══ Data records

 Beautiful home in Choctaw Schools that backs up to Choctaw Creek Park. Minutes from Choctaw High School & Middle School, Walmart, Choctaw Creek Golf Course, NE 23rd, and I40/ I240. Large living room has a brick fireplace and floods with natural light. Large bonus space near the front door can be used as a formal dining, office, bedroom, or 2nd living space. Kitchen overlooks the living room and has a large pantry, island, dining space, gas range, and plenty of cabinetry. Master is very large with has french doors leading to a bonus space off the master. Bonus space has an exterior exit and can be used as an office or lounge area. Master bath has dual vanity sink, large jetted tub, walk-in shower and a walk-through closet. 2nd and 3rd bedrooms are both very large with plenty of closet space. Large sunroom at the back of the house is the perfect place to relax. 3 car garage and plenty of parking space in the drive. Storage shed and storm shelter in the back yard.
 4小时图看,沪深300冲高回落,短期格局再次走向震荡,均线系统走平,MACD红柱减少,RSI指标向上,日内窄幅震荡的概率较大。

════
══ Data records

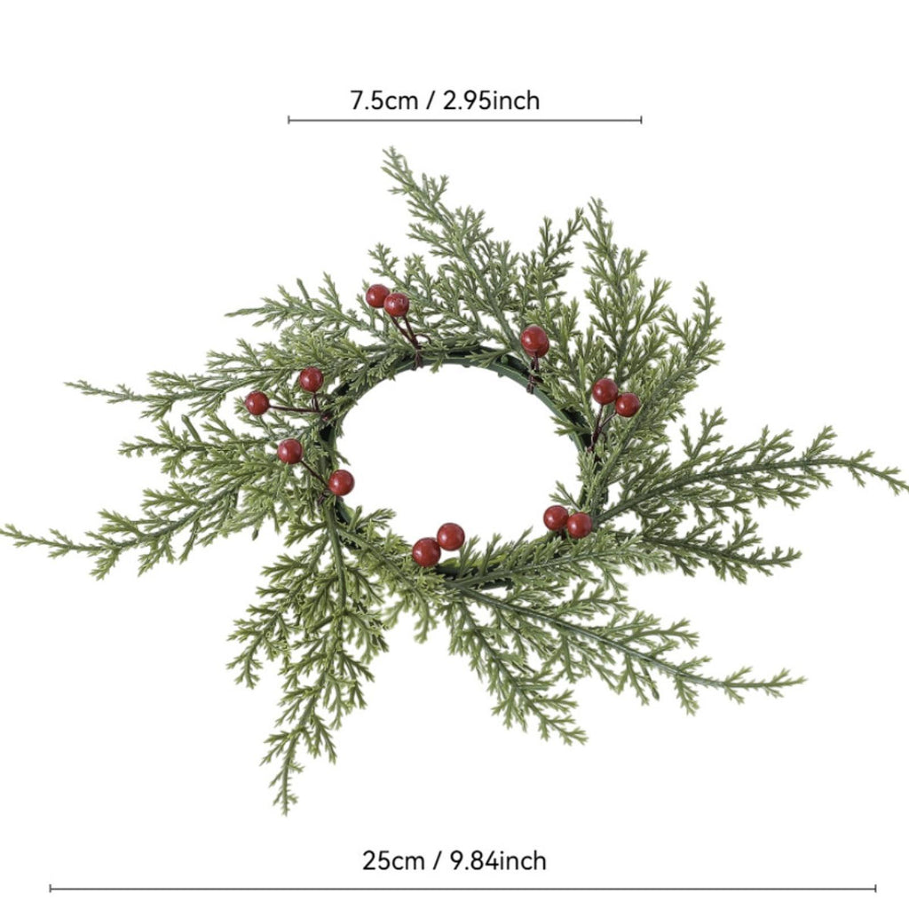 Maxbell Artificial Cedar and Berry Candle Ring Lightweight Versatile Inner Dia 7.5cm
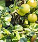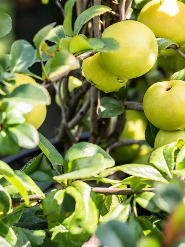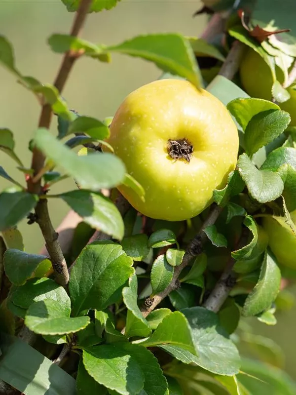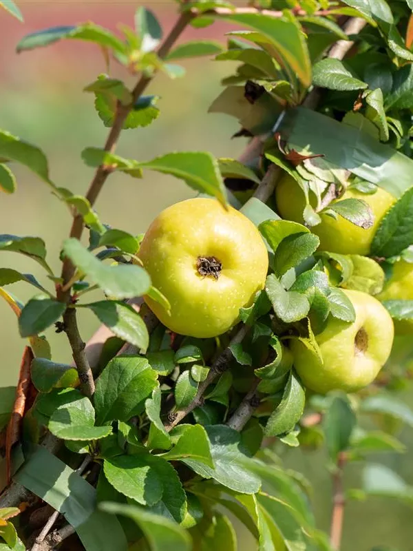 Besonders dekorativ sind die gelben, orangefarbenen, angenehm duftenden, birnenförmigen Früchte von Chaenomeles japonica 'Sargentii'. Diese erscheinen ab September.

════

Instructions for the task: Out of the entries above, write out only the lines between the line holding "Beautiful home in" and the line holding "4小时图看,沪深300冲高回", inclusive, each exactly as given.

The completed task:
 Beautiful home in Choctaw Schools that backs up to Choctaw Creek Park. Minutes from Choctaw High School & Middle School, Walmart, Choctaw Creek Golf Course, NE 23rd, and I40/ I240. Large living room has a brick fireplace and floods with natural light. Large bonus space near the front door can be used as a formal dining, office, bedroom, or 2nd living space. Kitchen overlooks the living room and has a large pantry, island, dining space, gas range, and plenty of cabinetry. Master is very large with has french doors leading to a bonus space off the master. Bonus space has an exterior exit and can be used as an office or lounge area. Master bath has dual vanity sink, large jetted tub, walk-in shower and a walk-through closet. 2nd and 3rd bedrooms are both very large with plenty of closet space. Large sunroom at the back of the house is the perfect place to relax. 3 car garage and plenty of parking space in the drive. Storage shed and storm shelter in the back yard.
 4小时图看,沪深300冲高回落,短期格局再次走向震荡,均线系统走平,MACD红柱减少,RSI指标向上,日内窄幅震荡的概率较大。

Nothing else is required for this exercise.